We consider signals \({y}\) drawn at random with coordinates \({y}_{\ell } = a_{\ell } + i b_{\ell }\), where \(a_{\ell }\) and \(b_{\ell }\) are independent identically distributed standard Gaussian random variables. We assume that the \(|y_{\ell }|\) are known, so the phases of the \({y}_{\ell }\) are our unknown ground truth entries \({x}_{\ell } = e^{i\varphi _{\ell }}\).

In most of the following examples, we fix the dimension to be \(d = 64\) and the parameter \(\delta =16\), so that approximately half of the pairwise phase differences are known. For each point in the figures we generated 30 test signals and plot the average norm of the error. All experiments were performed on the laptop running Windows 10 Pro with an Intel(R) Core(TM) i7-8550U processor, with 16 GB RAM and Matlab R2018b. Our ER implementation is based on the BlockPR software package [13]. For the SDP, we used SeDuMi solver available at [25].

We begin with the comparison of the recovery guarantees for the different weight matrices covered by Corollaries  12, and 3 in terms of the angular noise level \(\alpha \) measured in degrees. To put the bounds into perspective, we include the empirical error of both SDP and ER.

In a view of the fact that the coordinates of \(\tilde{x}\) and \({x}\) have modulus 1 and Inequality (27), a naïve bound for the phase error is given by

$$\begin{aligned} \min _{\theta \in [0, 2\pi )} \left\Vert \tilde{x} - e^{i\theta } {x} \right\Vert _{2}^{2} = \left\Vert \tilde{x} \right\Vert _{2}^{2} + \left\Vert {x} \right\Vert _{2}^{2} - 2 |\tilde{x}^{*} {x}| \le 2 d. \end{aligned}$$
(34)

Beyond this threshold, the error bounds provided by the statements are non-informative, which is why we indicate the threshold by a dashed black line in the plots.

Figure 1 shows the empirical performance of the SDP and the error bounds for the LSP. While for unweighted graphs Theorems 2 and Inequality (3.B) exhibit comparable behavior, for weighted graphs established Corollaries improve on results of Inequality (3.B). The crucial observation is that the SDP is not tight for weighted graphs even when the noise level is as small as \(10^{-3}\) degrees and only tight for unweighted when noise level is below few degrees. This implies that the error bounds for LSP are no longer applicable for the SDP.

Turning to the ER (Fig. 2), we observe a similar behavior.
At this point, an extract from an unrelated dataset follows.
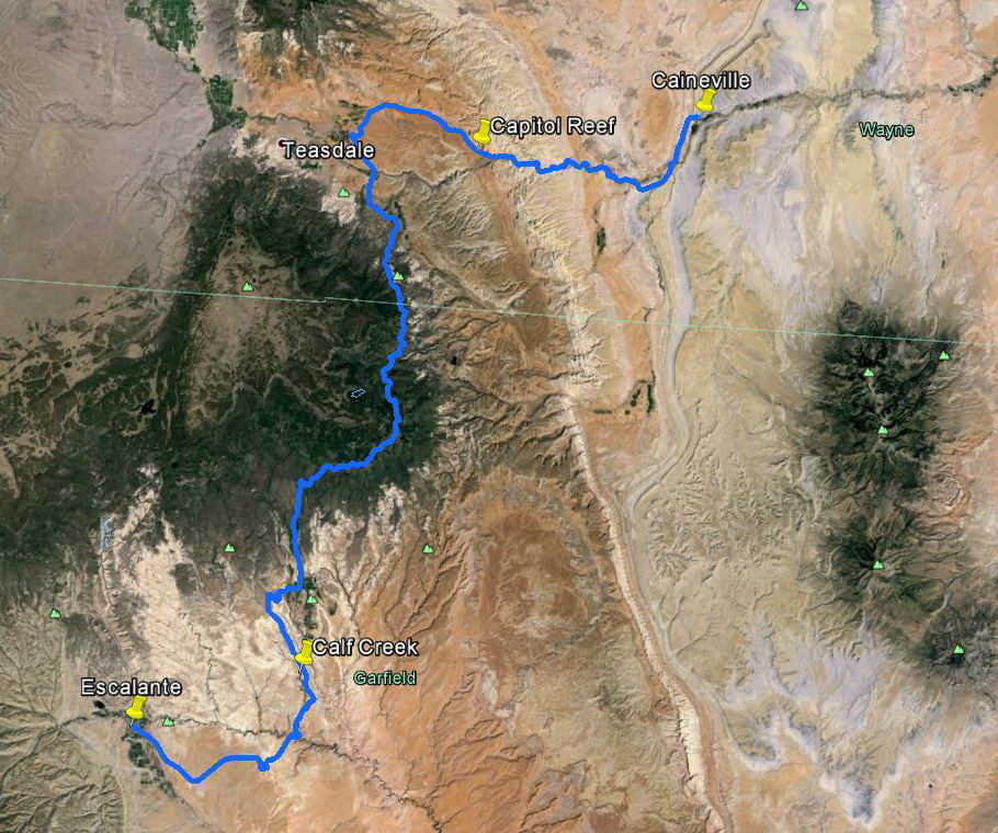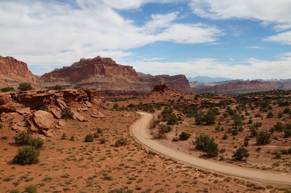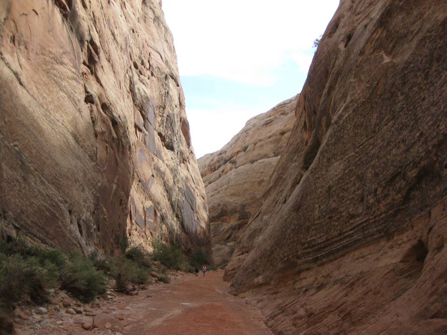 Das war heute der Wandertag schlechthin. Nach einer ruhigen Nacht und etwas Buttertoast ging es in den Capital Reef National Park. Vom freundlichen Ranger mit einer Wanderkarte ausgestattet, ging es nach einer wilden Offroad-Fahrt zum Schluchtenwandern in die Capital Gorge. Hin- und Rückweg betrugen etwa 5 km. Der letzte halbe Kilometer war ein steiler Aufstieg zu zwei hübschen Dellen im Fels (Tanks) voll mit kühlem Wasser.

Recovery guarantees for ER provided by Corollary 1 and Theorem  5 are close in unweighted case and Corollaries 2 and  3 improves on bound provided by Theorem 5 for weighted graphs. As before, for noise above few degrees the supremum norm of the ER solution deviates from 1, what indicates that the relaxation is not tight. In contrast to the SDP, the established recovery guarantees for the ER remain applicable for all noise levels.

Fig. 1
figure 1

ac Comparison of the recovery guarantees and true errors of SDP and LSP for angular synchronization in the context of the ptychography problem, \(d = 64\), \(\delta =16\). d Rank of the SDP solution as a measure for the tightness of the relaxation

Fig. 2
figure 2

a-c Comparison of the recovery guarantees and true errors of ER for angular synchronization in the context of the ptychography problem, \(d = 64\), \(\delta =16\). d Supremum norm of the ER solution as a measure for the tightness of the relaxation

Fig. 3
figure 3

Comparison of the recovery guarantees and true errors of LSP, SDP and ER for angular synchronization in the context of the ptychography problem, \(d = 64\), \(\delta =16\)

Fig. 4
figure 4

Comparison of the recovery guarantees and true errors of LSP, SDP and ER for scaled norms, \(d = 64\), \(\delta =16\)
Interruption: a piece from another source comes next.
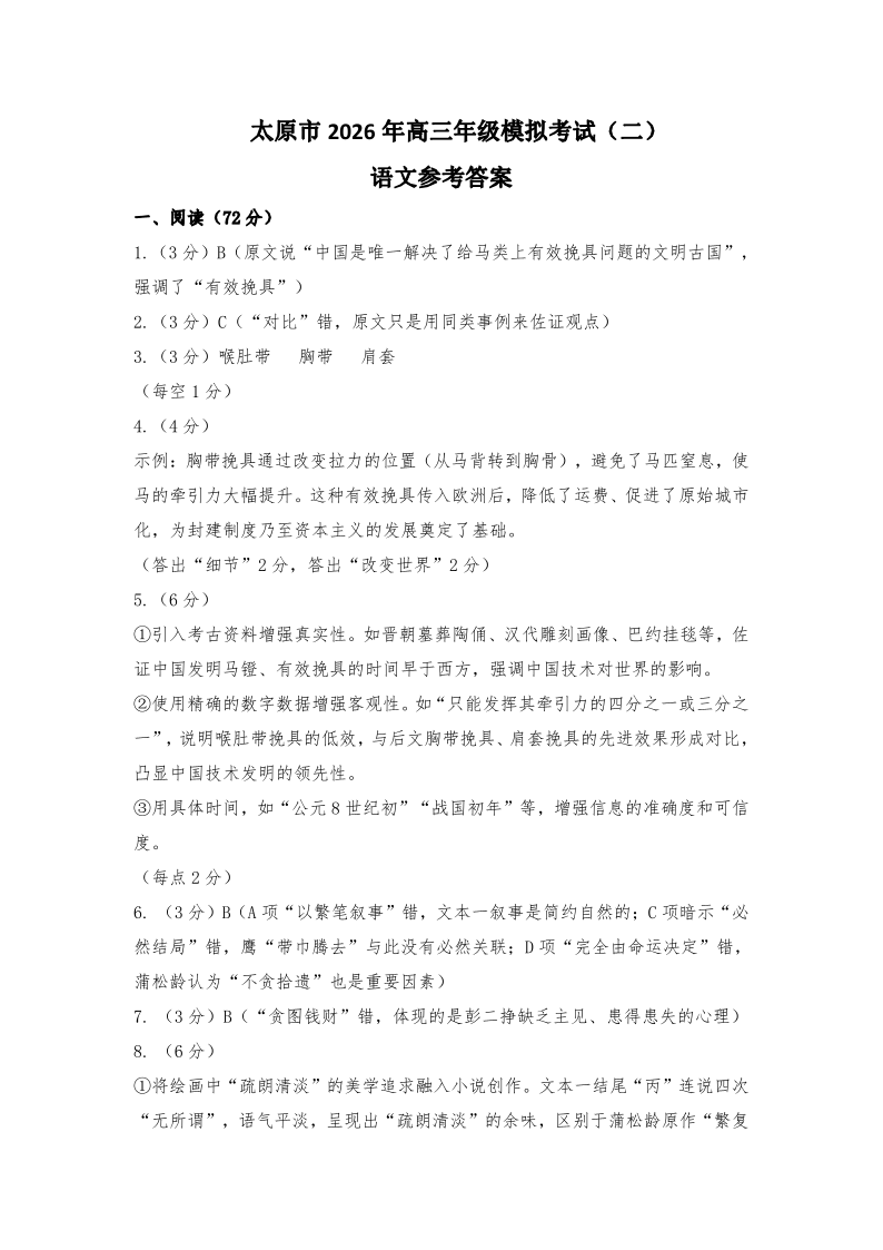高三语文答案--山西省太原市2026届高三模拟考试(二)(太原二模)

Both for unweighted and weighted graphs (Fig. 3), we observe that the empirical error performs similarly for both SDP and ER; there is no significant difference between the two methods in terms of the phase error. For the low and medium noise levels, the phase error rises linearly with the angular noise level. Only for very high noise it exhibits faster growth.

For all scenarios, the guarantees for ER more or less agree with the bounds for the least squares problem. This is remarkable because ER is faster than SDP (see Fig. 5a below). At the time, the empirical errors differ from our error bounds by a factor of roughly \(\delta \), which suggests that an additional tightening of the \(\delta \)-dependence may be possible using refined techniques.
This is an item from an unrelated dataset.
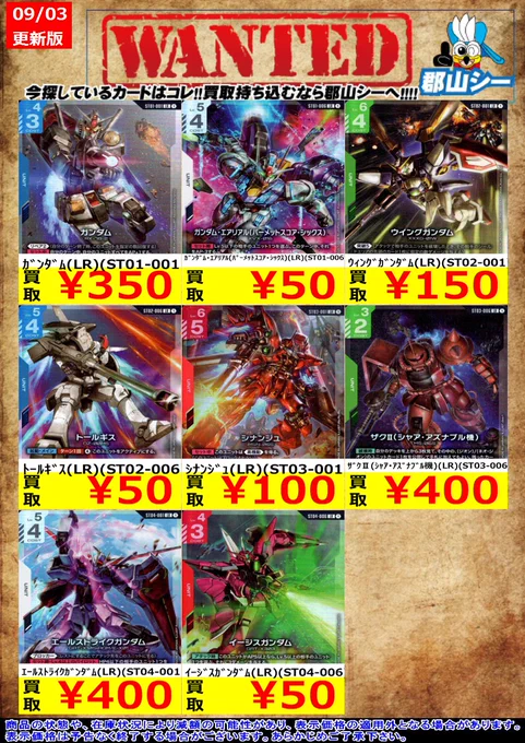 シーガル郡山店ガンダムCGお買取情報!! エールストライクガンダム(LR)(ST04-001) ¥400 ウィングガンダム(LR)(ST02-001) ¥150 ガンダム(LR)(ST01-001) ¥350#ガンダムカードゲーム #GCG #シーガル郡山店

In Fig. 4, we explore the recovery guarantees for scaled norms provided by Theorem 6. In these experiments, the scaling matrix S has magnitudes \(|y_{j}|\) on the main diagonal. Again, the empirical errors and recovery guarantees exhibit similar behavior to non-scaled errors as seen in Fig. 3, except that for high noise levels, recovery guarantees for ER variate from their LSP counterpart as a result of additional normalization factor appearing in Inequality (18).

In terms of the runtime complexity (Fig. 5a), ER exhibits almost linear scaling in the dimension of the problem and clearly outperforms SDP, whose runtime exhibits quadratic scaling. This difference is to be expected as SDP lifts the problem to a \(d \times d\)-dimensional matrix space and thus estimates \(d^{2}\) unknowns instead of d in the case of ER. In fact the large runtime complexity is a crucial bottleneck for SDP relaxations in ptychography, where the dimensions are commonly high.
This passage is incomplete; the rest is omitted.